Some excerpts from Stuart Carroll’s Martyrs and Murderers: The Guise Family and the Making of Europe (Oxford, 2009)
All empires eventually overreach themselves and self-destruct. The Franco-British empire had hardly been founded before the cracks began to appear caused by unrelenting royal fiscal pressure and the disruption of trade. In Rouen, the hub of the new empire, peasants in the surrounding region were fleeing their homes to escape the new impositions ordered in the wake of the constable’s [Montmorency] defeat. [Montmorency failed to relieve St. Quentin in 1557 and was captured by Imperial forces; Francois, duc de Guise, brilliantly took the city as well as Calais in 1558, setting the stage for a treaty and for pressing the interests of the Guise with King Henri II.] It was at sea that the French could not compete. They were no match for the combined Anglo-Spanish navy…. But it was religion that would end the dreams of a Franco-British empire, and it was at the heart of this project that the Reformation rebellion would strike first…. In France, traditional politics, based on the struggle among rival factions, was about to be overturned by a new politics shaped by conflicting religious ideologies.
and
The death of Mary Tudor in November had already removed one of the main stumbling blocks to peace, namely Calais. The Treaty of Cateau-Cambresis, signed on 2 April between France and England and on the following day between France and Spain, was one of the most controversial in European history. It established the legal and political framework of Western European affairs and marked the beginnings of nearly a century of Spanish preponderance on the continent. Italy was abandoned by the French, who kept Calais and the three bishoprics of Metz, Toul, and Verdun. the veterans of Italy in particular were furious at what they considered a dishonorable peace. According to them, the king had ceded lands that cost 40 million crowns and 100,000 lives to win. Guise [Francois] became a spokesman for their discontent. The princes too felt that they had been sold out. Neither the King of Navarre nor the Duke of Bouillion gained compensation for the loss of their lands in the Treaty. Guise had made it clear that peace was an affront to his honor, for which he got widespread sympathy at court. He became the focus for those dissatisfied with the partisan rule of the man they snobbishly referred to as the ‘little baron from the Ile de France’ [i.e. Montmorency].
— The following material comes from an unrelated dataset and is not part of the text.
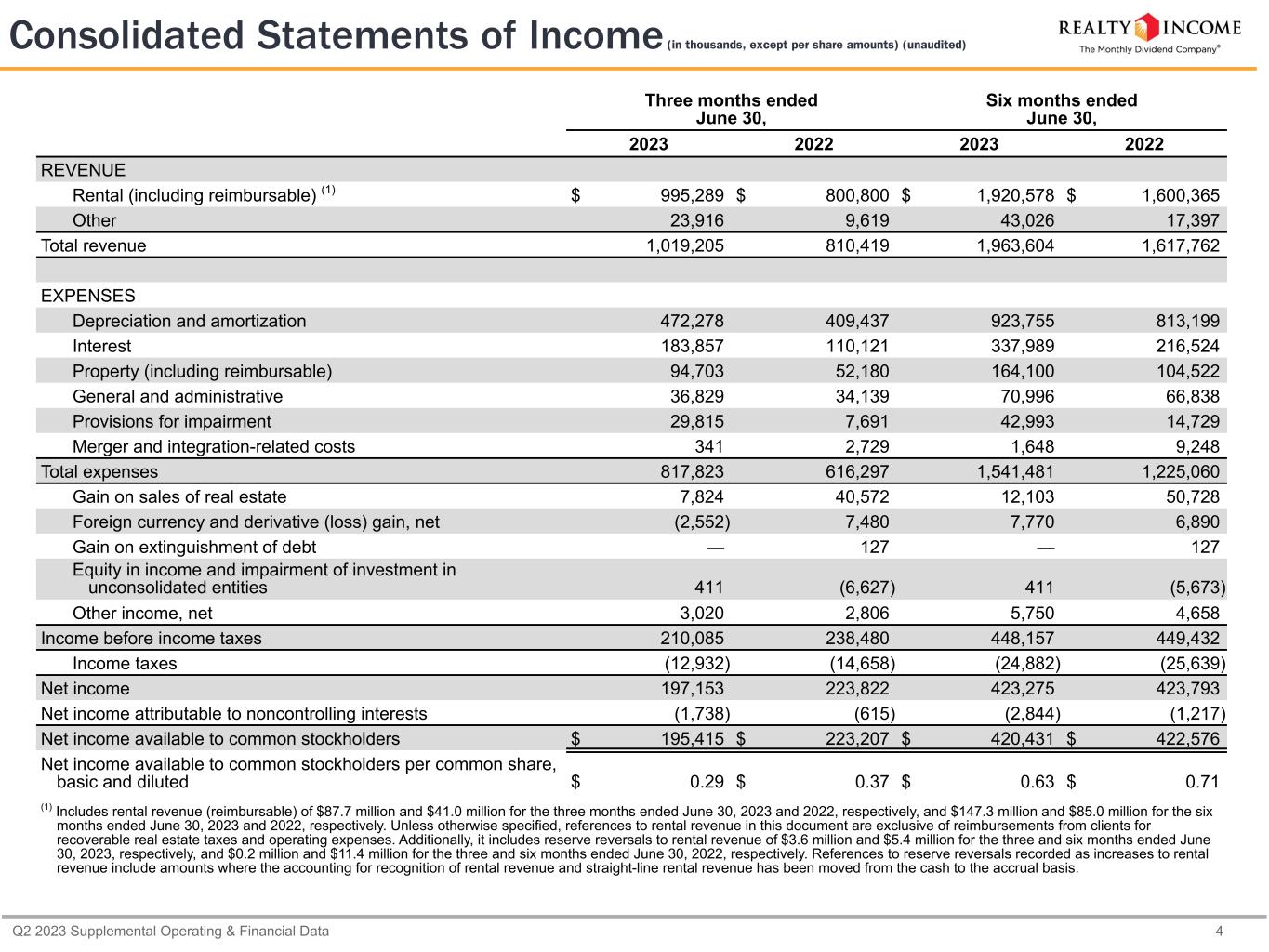 Q2 2023 Supplemental Operating & Financial Data 4 Three months ended June 30, Six months ended June 30, 2023 2022 2023 2022 REVENUE Rental (including reimbursable) (1) $ 995,289 $ 800,800 $ 1,920,578 $ 1,600,365 Other 23,916 9,619 43,026 17,397 Total revenue 1,019,205 810,419 1,963,604 1,617,762 EXPENSES Depreciation and amortization 472,278 409,437 923,755 813,199 Interest 183,857 110,121 337,989 216,524 Property (including reimbursable) 94,703 52,180 164,100 104,522 General and administrative 36,829 34,139 70,996 66,838 Provisions for impairment 29,815 7,691 42,993 14,729 Merger and integration-related costs 341 2,729 1,648 9,248 Total expenses 817,823 616,297 1,541,481 1,225,060 Gain on sales of real estate 7,824 40,572 12,103 50,728 Foreign currency and derivative (loss) gain, net (2,552) 7,480 7,770 6,890 Gain on extinguishment of debt — 127 — 127 Equity in income and impairment of investment in unconsolidated entities 411 (6,627) 411 (5,673) Other income, net 3,020 2,806 5,750 4,658 Income before income taxes 210,085 238,480 448,157 449,432 Income taxes (12,932) (14,658) (24,882) (25,639) Net income 197,153 223,822 423,275 423,793 Net income attributable to noncontrolling interests (1,738) (615) (2,844) (1,217) Net income available to common stockholders $ 195,415 $ 223,207 $ 420,431 $ 422,576 Net income available to common stockholders per common share, basic and diluted $ 0.29 $ 0.37 $ 0.63 $ 0.71 (1) Includes rental revenue (reimbursable) of $87.7 million and $41.0 million for the three months ended June 30, 2023 and 2022, respectively, and $147.3 million and $85.0 million for the six months ended June 30, 2023 and 2022, respectively. Unless otherwise specified, references to rental revenue in this document are exclusive of reimbursements from clients for recoverable real estate taxes and operating expenses. Additionally, it includes reserve reversals to rental revenue of $3.6 million and $5.4 million for the three and six months ended June 30, 2023, respectively, and $0.2 million and $11.4 million for the three and six months ended June 30, 2022, respectively. References to reserve reversals recorded as increases to rental revenue include amounts where the accounting for recognition of rental revenue and straight-line rental revenue has been moved from the cash to the accrual basis. Consolidated Statements of Income (in thousands, except per share amounts) (unaudited)

And then Henry II decided to joust just one more time.
Many in the Protestant leadership rejoiced at Henry’s death — their prayers had been answered, divine justice had delivered them. But we should be wary of interpreting events through Protestant eyes alone. Often written a decade or more after the events they purport to describe, the purpose of their accounts was to scapegoat the Guise and heap the blame for France’s decent into civil war and chaos on their shoulders. Other sources, such as the dispatches of the Spanish ambassador, Chantonnay, shed a different light on affairs.
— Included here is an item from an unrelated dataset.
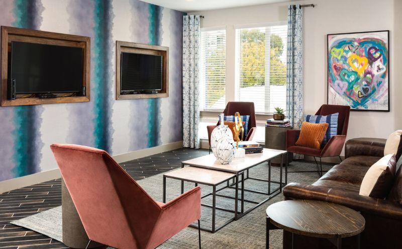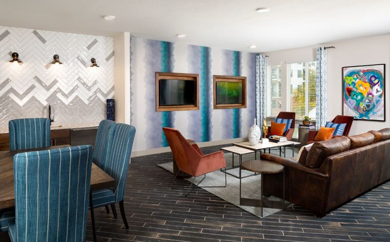 - Resident lounge featuring seating and flat screens with attached kitchen

And as for Catherine de Medici:
She prevented Diane de Poitiers from entering the king’s bedchamber; she never saw her lover again. When the king was unconscious she would keep Montmorency, whom she also disliked, at bay. While others had ignored the indignities that she had been forced to endure, the Guise had always accorded Catherine the respect that she craved. They also shared many of the same views, placing high priority on conquest in Italy and a low priority on religious persecution. She offered her support to them in return for the humbliing and banishment of Diane de Poitiers.
And as for heresy:
In the autumn of 1559 four new laws were added to the judge’s armoury, ordering the demolishing of [Protestant] meeting houses and the prosecution of any landlord harbouring Protestants…. In the outlying provinces the heresy laws remained a dead letter, either ignored or unenforced. Only in Paris did the cycle of death sentences against heretic’s outlast Henry’s death and accelerate under his son. … a handful of executions was not systematic enough to stop a movement that was developing into by far the largest unofficial Protestant Church in Europe. There was another option available. In Spain, Italy, and the Low Countries the Inquisition had stepped up its bloody business. The Hapburgs had already shown what might be achieved in Northern Europe. In the Low Countries, with its much smaller population, there were 1,300 executions for heresy between 1523 and 1565. A further thousand would follow during the bloody repression of 1567-69. In early December 1559 the Spanish ambassador complained about the low number of French executions and their quality — there was little value in burning people of ‘simple and base’ condition. He made it known to the Guise in the strongest terms that he ‘was not happy with the manner in which they were proceeding’.